### Task to complete
Make an exact copy of the listing, without images.

### Information shown
——

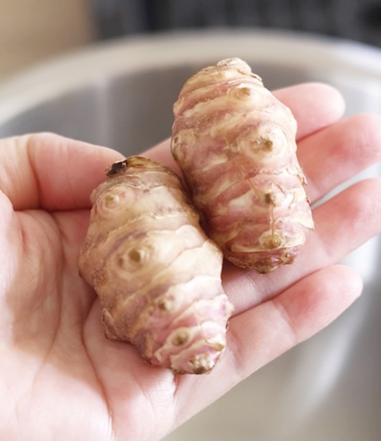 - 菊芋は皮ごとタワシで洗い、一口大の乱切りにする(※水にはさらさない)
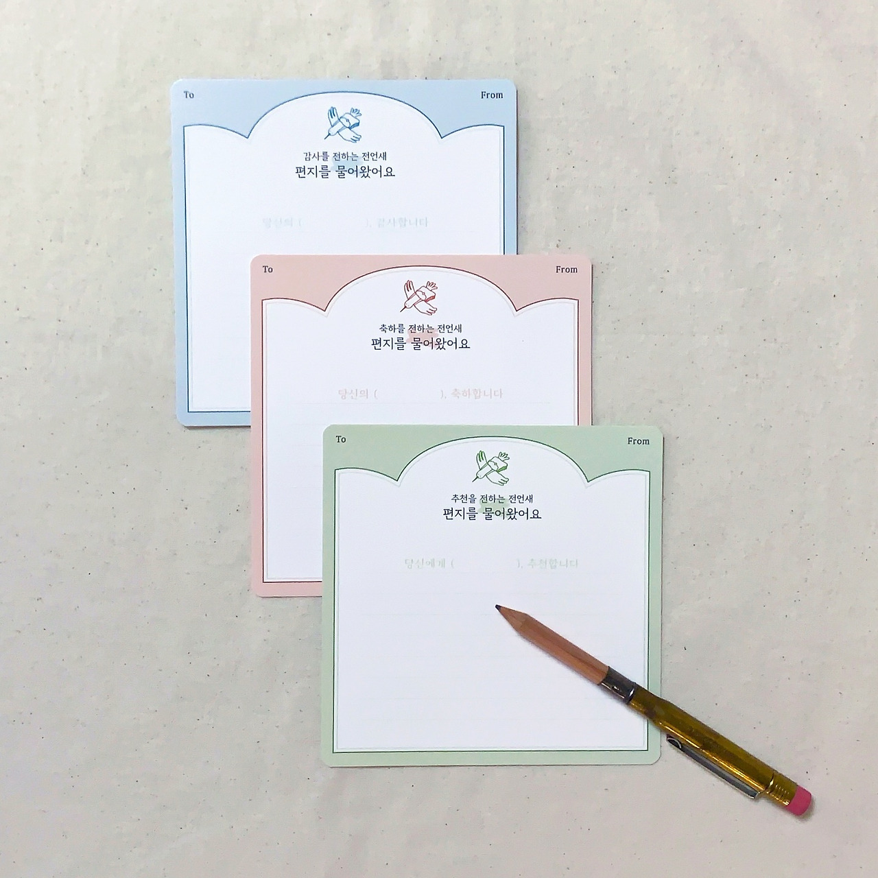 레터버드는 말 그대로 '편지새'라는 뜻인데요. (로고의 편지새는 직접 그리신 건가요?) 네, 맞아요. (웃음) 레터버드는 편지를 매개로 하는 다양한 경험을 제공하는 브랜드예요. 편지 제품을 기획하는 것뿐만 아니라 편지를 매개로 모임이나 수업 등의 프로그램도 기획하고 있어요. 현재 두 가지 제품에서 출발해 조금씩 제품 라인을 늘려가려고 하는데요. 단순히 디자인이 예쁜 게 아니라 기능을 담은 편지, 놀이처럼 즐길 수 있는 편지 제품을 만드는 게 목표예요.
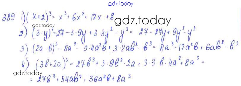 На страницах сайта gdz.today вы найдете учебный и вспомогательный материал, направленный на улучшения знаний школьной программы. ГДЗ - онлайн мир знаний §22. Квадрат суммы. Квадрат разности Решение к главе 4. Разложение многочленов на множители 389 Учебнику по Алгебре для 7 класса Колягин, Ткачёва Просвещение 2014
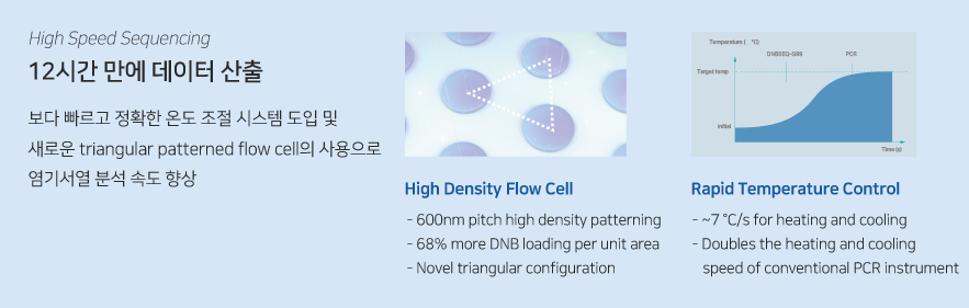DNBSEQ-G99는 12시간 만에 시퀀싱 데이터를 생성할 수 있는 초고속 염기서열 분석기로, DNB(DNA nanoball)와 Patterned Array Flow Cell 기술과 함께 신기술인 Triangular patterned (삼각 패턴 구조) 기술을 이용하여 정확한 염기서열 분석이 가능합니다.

——

### The completed task
 - 菊芋は皮ごとタワシで洗い、一口大の乱切りにする(※水にはさらさない)
 레터버드는 말 그대로 '편지새'라는 뜻인데요. (로고의 편지새는 직접 그리신 건가요?) 네, 맞아요. (웃음) 레터버드는 편지를 매개로 하는 다양한 경험을 제공하는 브랜드예요. 편지 제품을 기획하는 것뿐만 아니라 편지를 매개로 모임이나 수업 등의 프로그램도 기획하고 있어요. 현재 두 가지 제품에서 출발해 조금씩 제품 라인을 늘려가려고 하는데요. 단순히 디자인이 예쁜 게 아니라 기능을 담은 편지, 놀이처럼 즐길 수 있는 편지 제품을 만드는 게 목표예요.
 На страницах сайта gdz.today вы найдете учебный и вспомогательный материал, направленный на улучшения знаний школьной программы. ГДЗ - онлайн мир знаний §22. Квадрат суммы. Квадрат разности Решение к главе 4. Разложение многочленов на множители 389 Учебнику по Алгебре для 7 класса Колягин, Ткачёва Просвещение 2014
DNBSEQ-G99는 12시간 만에 시퀀싱 데이터를 생성할 수 있는 초고속 염기서열 분석기로, DNB(DNA nanoball)와 Patterned Array Flow Cell 기술과 함께 신기술인 Triangular patterned (삼각 패턴 구조) 기술을 이용하여 정확한 염기서열 분석이 가능합니다.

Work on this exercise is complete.